• **Assigned task**
Exact reproduction is required for the lines below starting at the line with "綺麗なレモンイエローのレモン" and ending at the line with "또 다른 예로, 발효과정을", both included. No other lines, and no pictures.

• **Records for processing**
- - - - - - -

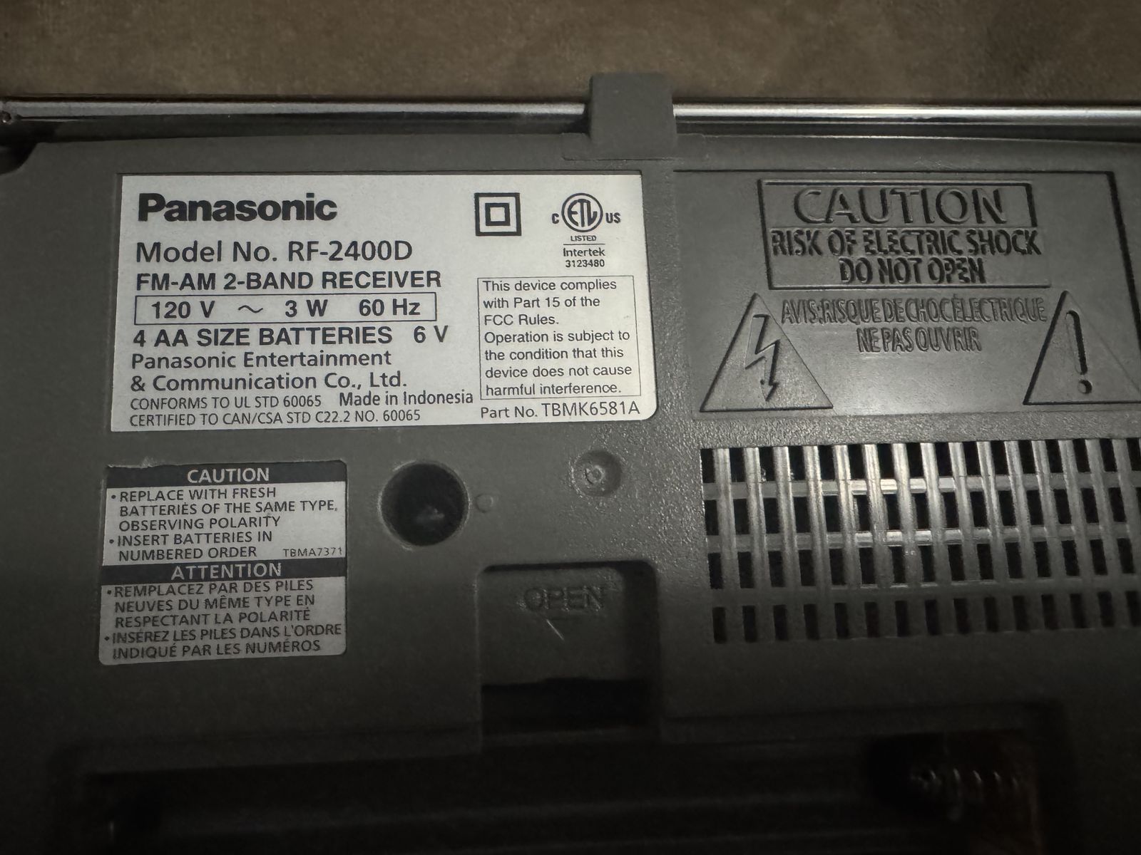 VenmoPanasonic AM/FM Radio (Electric and Battery-Powered), RF-2400D, Silver/Gray in great condicion, works fine $40 Accept cash or venmo
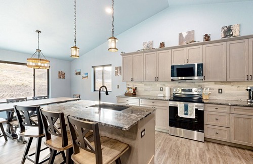 Step inside this brand new home and be greeted by a spacious layout that offers plenty of room to spread out and relax. The main living room features a large cozy sectional you'll just want to sink into and a gas fireplace, creating a warm and inviting atmosphere. High ceilings and large windows flood the space with natural light and offer stunning views of the surrounding mountains, making every meal in the dining room a scenic experience.
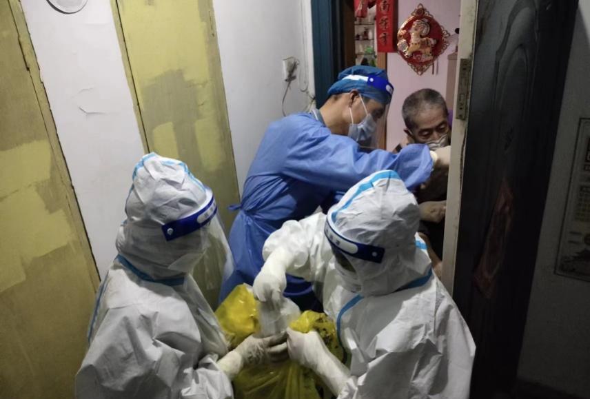 晚上8点半,由于人员紧张,原本3组入户采样的工作被压缩为两组。在30℃高温下,谢馨协助护士完成了4个无电梯老旧小区、50多户的上门核酸检测采样工作,返回大筛现场已是深夜12点。
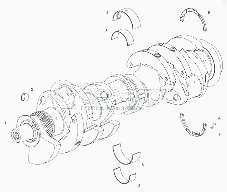 Каталог запасных частей к технике: ЯМЗ-6585 (для МАЗ). 238ДК-10050О8-30 Вал коленчатый
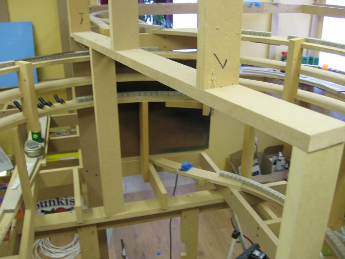 I also got around to finishing the backdrop supports for the helix area. With this in, you won't be able to see from one side of the helix to the other, which makes the main line seem further than it is.
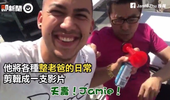 澳洲網紅Jamie Zhu時常拍攝「整人影片」,近日又再將目標放在爸爸身上,不管是照相、起床,甚至喝水都被惡搞,但是爸爸的反應卻超可愛,不但逆來順受,也沒有生氣,只是無奈的叫著兒子的名字,讓網友都大為羨慕。
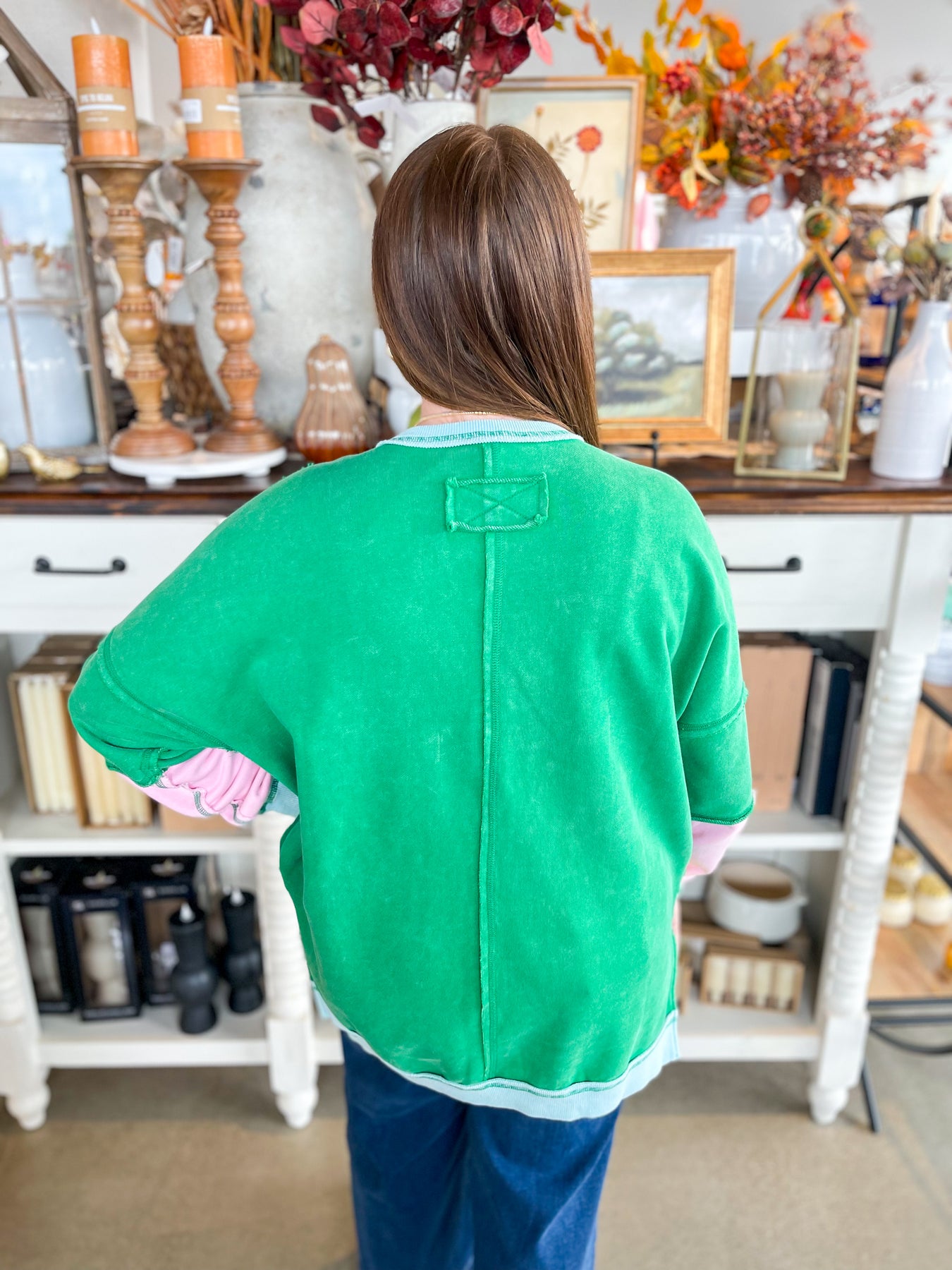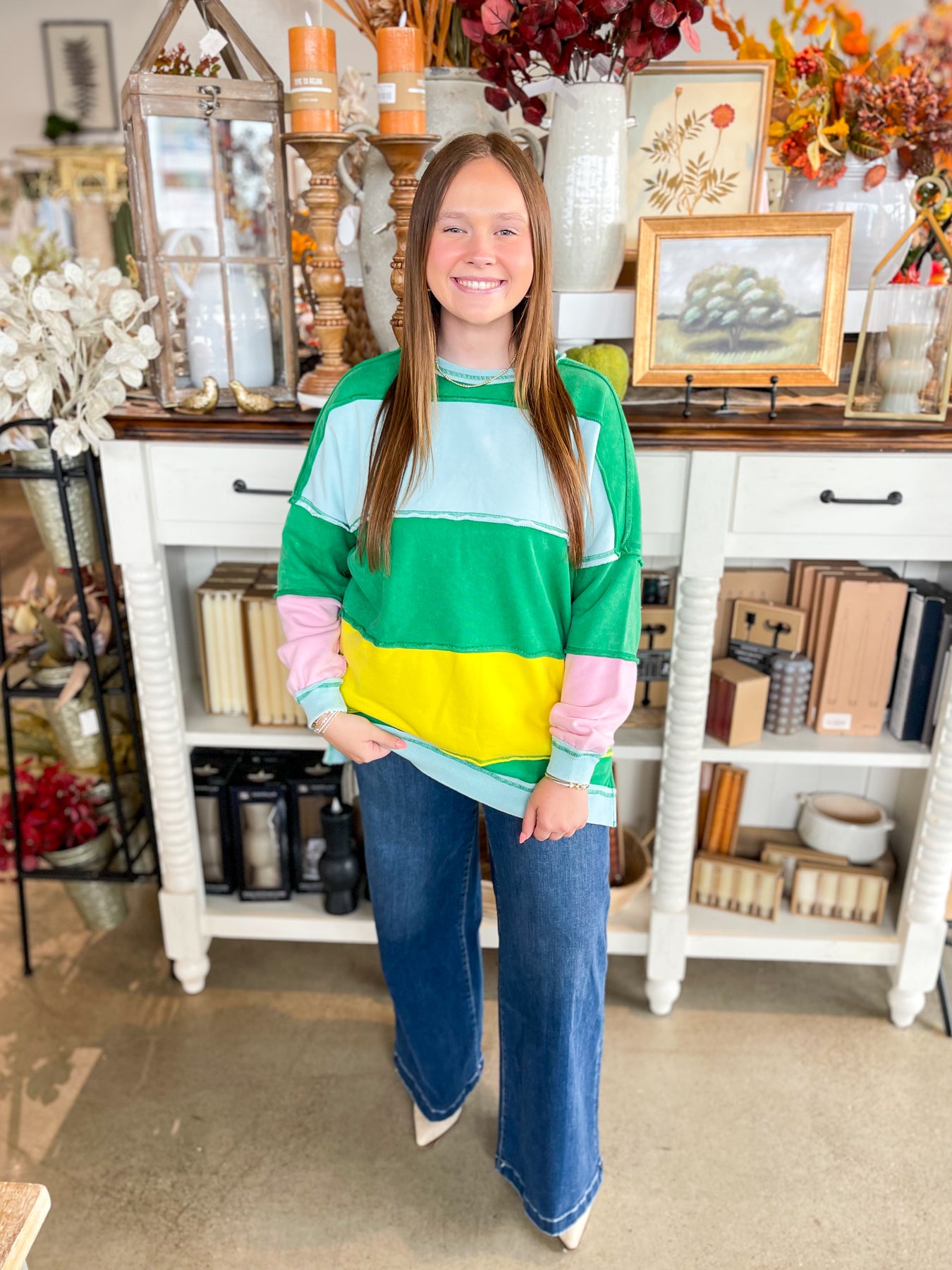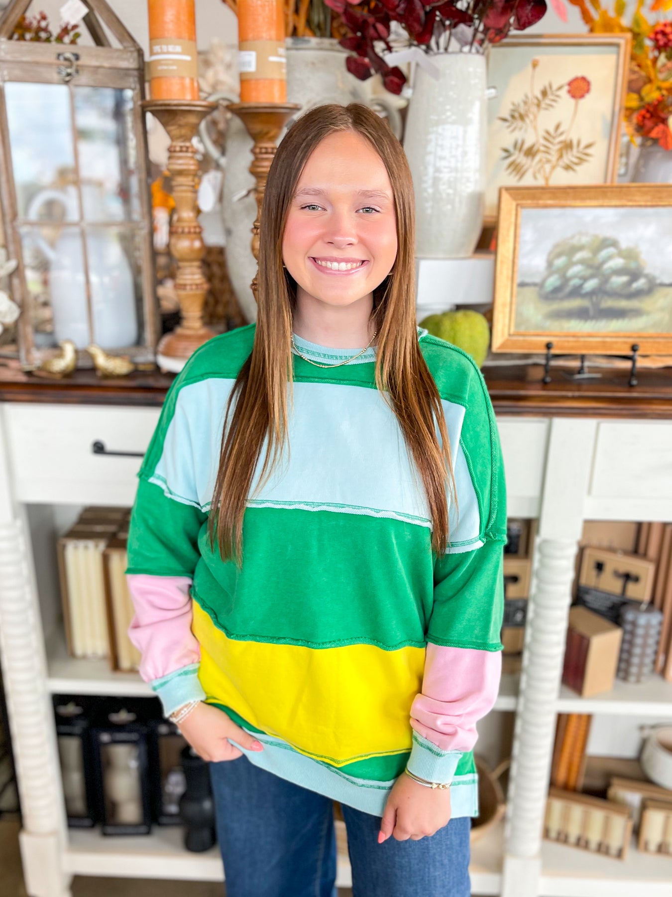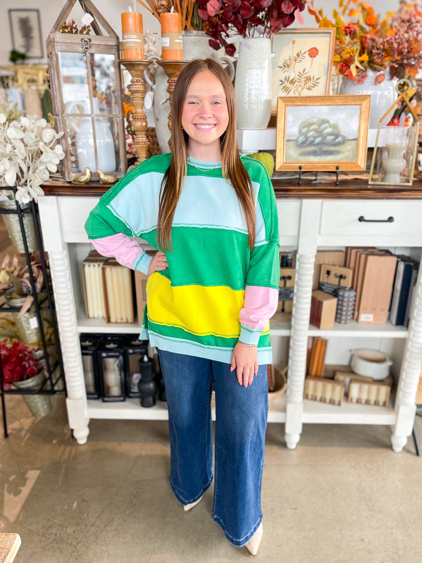 Experience cozy comfort with this oversized, soft sweatshirt featuring vibrant green, blue, and pink color blocks. Its exposed seams add a cool, casual edge, making it the perfect playful layer for fall days when you want to stay comfy and stand out.
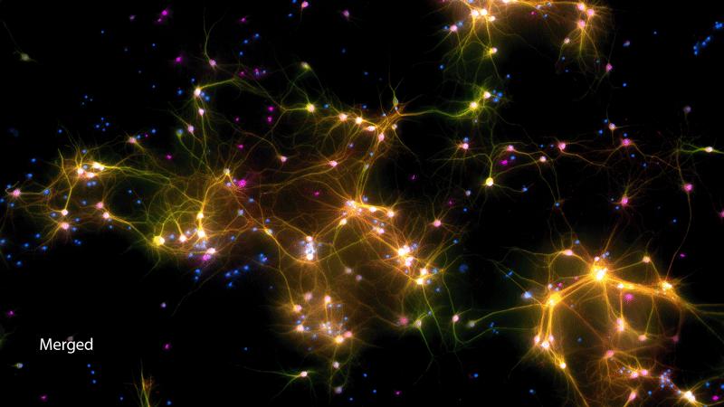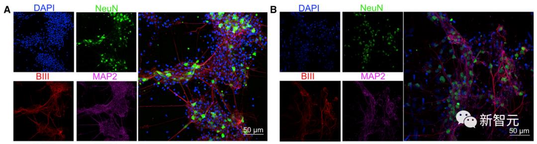 其中,蓝色DAPI代表染色所有细胞,绿色NeuN显示是神经元,微管蛋白 (BIII) 标记是轴突,MAP标记的是树突。
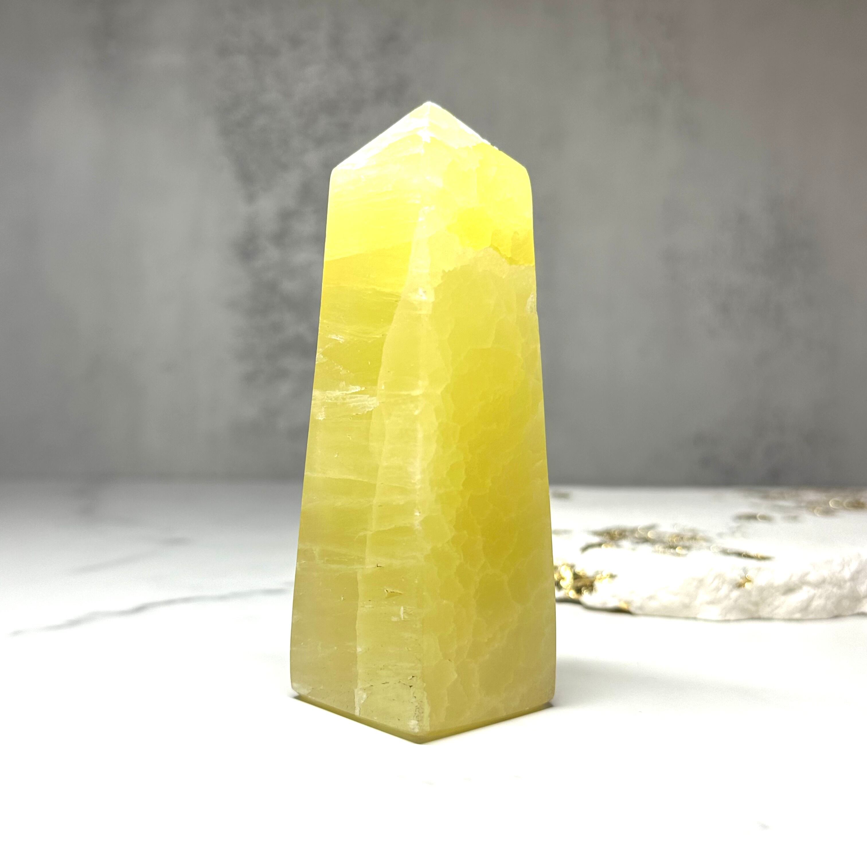 綺麗なレモンイエローのレモンカルサイトタワーです。カルサイトのほんのり透け感のある軽やかな質感と、美しい発色が魅力です。
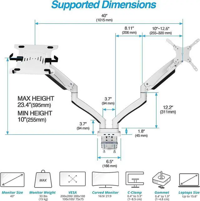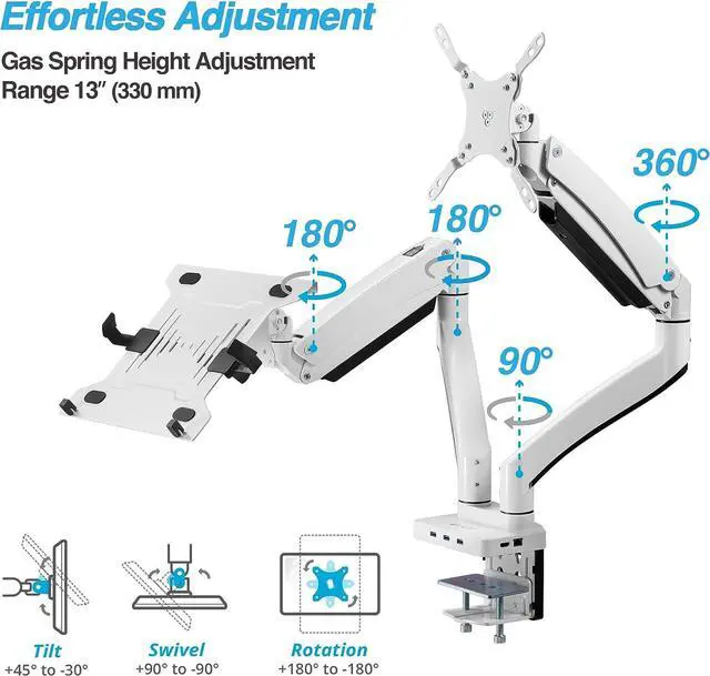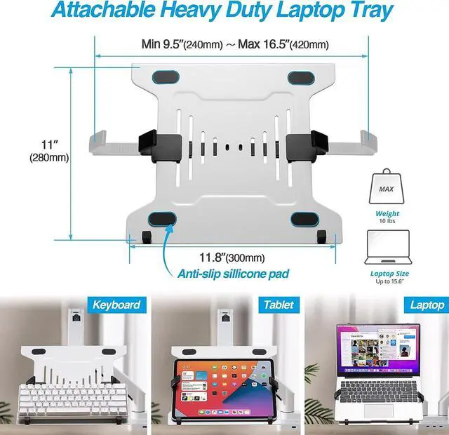 Attachable Laptop Tray - Versatile and adaptable. Use either as a dual monitor mount, or as a single monitor mount with a laptop holder to accommodate your laptop, tablet, or keyboard, providing you with optimal flexibility and functionality.
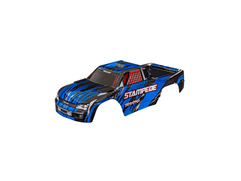 Traxxas karosérie Stampede modrá (bezsponková), hotová nabarvená, aplikované obtisky. Vhodná i pro Stampede VXL. Včetně předního a zadního bezsponkového držáku karoserie.
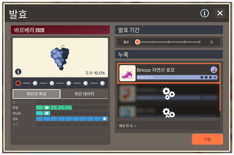 또 다른 예로, 발효과정을 살펴보도록 하자. 발효 기간 및 어떤 효모를 이용하냐에 따라 와인의 단만, 탄닌산, 산도 등 중요 속성들이 크게 변한다. 각 품종의 와인들은 제각각 일종의 '정답 스탯'이 존재하는데, 이는 위 스크린샷에서 볼 수 있듯 ★모양으로 표시된다. 모든 공정을 예민하게 관리하며, 저 스탯을 맞추는 것이 가장 중요!
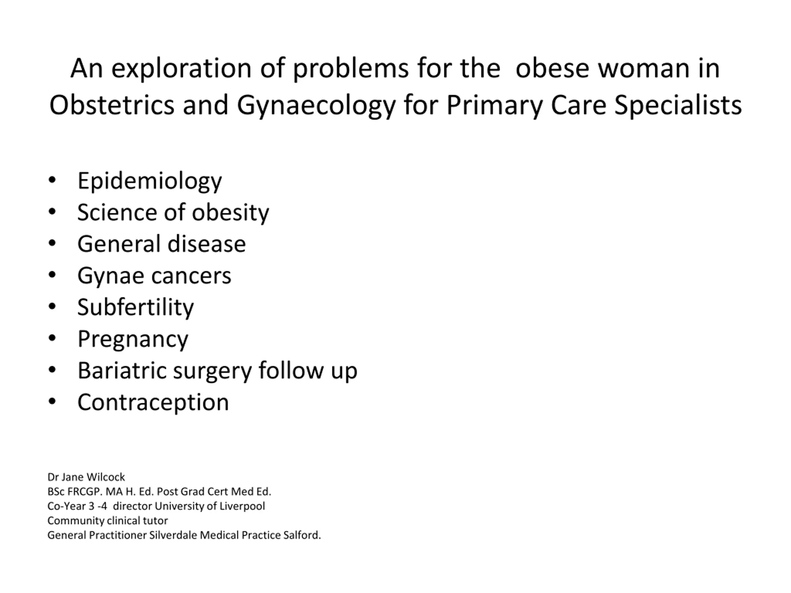 An exploration of problems for the obese woman in Obstetrics and Gynaecology for Primary Care Specialists Epidemiology Science of obesity General disease Gynae cancers Subfertility Pregnancy Bariatric surgery follow up Contraception Dr Jane Wilcock BSc FRCGP. MA H. Ed. Post Grad Cert Med Ed. Co-Year 3 -4 director University of Liverpool Community clinical tutor General Practitioner Silverdale Medical Practice Salford.
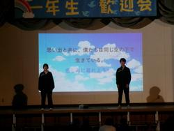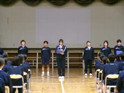 今日は、歯科検診が行われました。午後からは、新入生歓迎会が行われました。プラカード係を先頭に、1年生が入場し、生徒会本部によるオリエンテーションと劇から会は始まりました。その後、2年生の発表、3年生の発表が続きました。両学年とも創意工夫した素敵な発表を披露してくれました。体育館の装飾もとても綺麗で1年生への歓迎の気持ちが詰まっていました。上級生の後は、お礼の発表として1年生の発表でした。1年生らしい元気いっぱいの発表でした。部活動発表の後(様子は明日掲載いします。)、全校で校歌斉唱、生徒会長の話と進み、退場となりました。1年生の皆さん、歓迎会はどうでしたか?今日から部活動の仮入部も始まりました。少しずつ、確実に三中の絆が深まっていることが感じられます。生徒の皆さん、素敵な会をありがとうございました。

- - - - - - -

• **Answer to the exercise**
 綺麗なレモンイエローのレモンカルサイトタワーです。カルサイトのほんのり透け感のある軽やかな質感と、美しい発色が魅力です。
 Attachable Laptop Tray - Versatile and adaptable. Use either as a dual monitor mount, or as a single monitor mount with a laptop holder to accommodate your laptop, tablet, or keyboard, providing you with optimal flexibility and functionality.
 Traxxas karosérie Stampede modrá (bezsponková), hotová nabarvená, aplikované obtisky. Vhodná i pro Stampede VXL. Včetně předního a zadního bezsponkového držáku karoserie.
 또 다른 예로, 발효과정을 살펴보도록 하자. 발효 기간 및 어떤 효모를 이용하냐에 따라 와인의 단만, 탄닌산, 산도 등 중요 속성들이 크게 변한다. 각 품종의 와인들은 제각각 일종의 '정답 스탯'이 존재하는데, 이는 위 스크린샷에서 볼 수 있듯 ★모양으로 표시된다. 모든 공정을 예민하게 관리하며, 저 스탯을 맞추는 것이 가장 중요!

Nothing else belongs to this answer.